A mountain corral took form in the gloom. The Mexican slipped the bars of the gate to let the horses in.
“Is he here?” asked Joyce breathlessly.
The man pointed to a one-room shack huddled on the hillside.
Keith had fallen sound asleep, his head against the girl’s back. “Don’t wake him when you lift him down,” she told the man. “I’ll just let him sleep if he will.”
The Mexican carried Keith to a pile of sheepskins under a shed and lowered him to them gently. The boy stirred, turned over, but did not awaken.
Joyce ran toward the shack. There was no light in it, no sign of life about the place. She could not understand this. Surely someone must be looking after her father. Whoever this was must have heard her coming. Why had he not appeared at the door? Dave, of course, might be away fighting fire, but someone....
Her heart lost a beat. The shadow of some horrible thing was creeping over her life. Was her father dead? What shock was awaiting her in the cabin?
At the door she raised her voice in a faint, ineffective call. Her knees gave way. She felt her body shaking as with an ague. But she clenched her teeth on the weakness and moved into the room.
It was dark—darker than outdoors. But as her eyes grew accustomed to the absence of light she made out a table, a chair, a stove. From the far side of the room came a gurgle that was half a snore.
“Father,” she whispered, and moved forward.
Her outstretched hand groped for the bed and fell on clothing warm with heat transmitted from a human body. At the same time she subconsciously classified a strong odor that permeated the atmosphere. It was whiskey.
The sleeper stirred uneasily beneath her touch. She felt stifled, wanted to shout out her fears in a scream. Far beyond the need of proof she knew now that something was very wrong, though she still could not guess at what the dreadful menace was.

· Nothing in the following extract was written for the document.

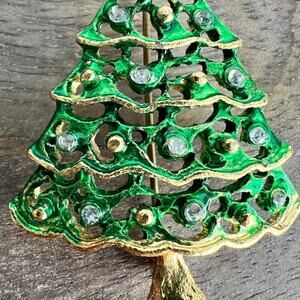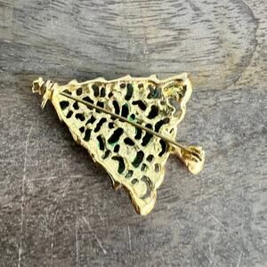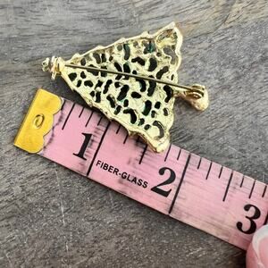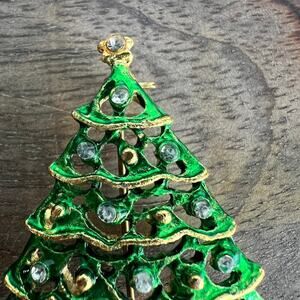 Rhinestone studded Christmas tree with ornament gold tone pin brooch

But Joyce had courage. She was what the wind and the sun and a long line of sturdy ancestors had made her. She leaned forward toward the awakening man just as he turned in the bunk.

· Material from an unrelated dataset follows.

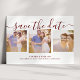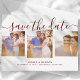 Signaturskript Drei Fotos Maroon Save the Date Ankündigungspostkarte

A hand fell on her wrist and closed, the fingers like bands of iron. Joyce screamed wildly, her nerve swept away in a reaction of terror. She fought like a wildcat, twisting and writhing with all her supple strength to break the grip on her arm.
For she knew now what the evil was that had been tolling a bell of warning in her heart.
HANK BRINGS BAD NEWS
The change in the wind had cost three lives, but it had saved the Jackpot property and the feed on the range. After the fire in San Jacinto Canon had broken through Hart’s defense by its furious and persistent attack, nothing could have prevented it from spreading over the plains on a wild rampage except a cloudburst or a decided shift of wind. This last had come and had driven the flames back on territory already burnt over.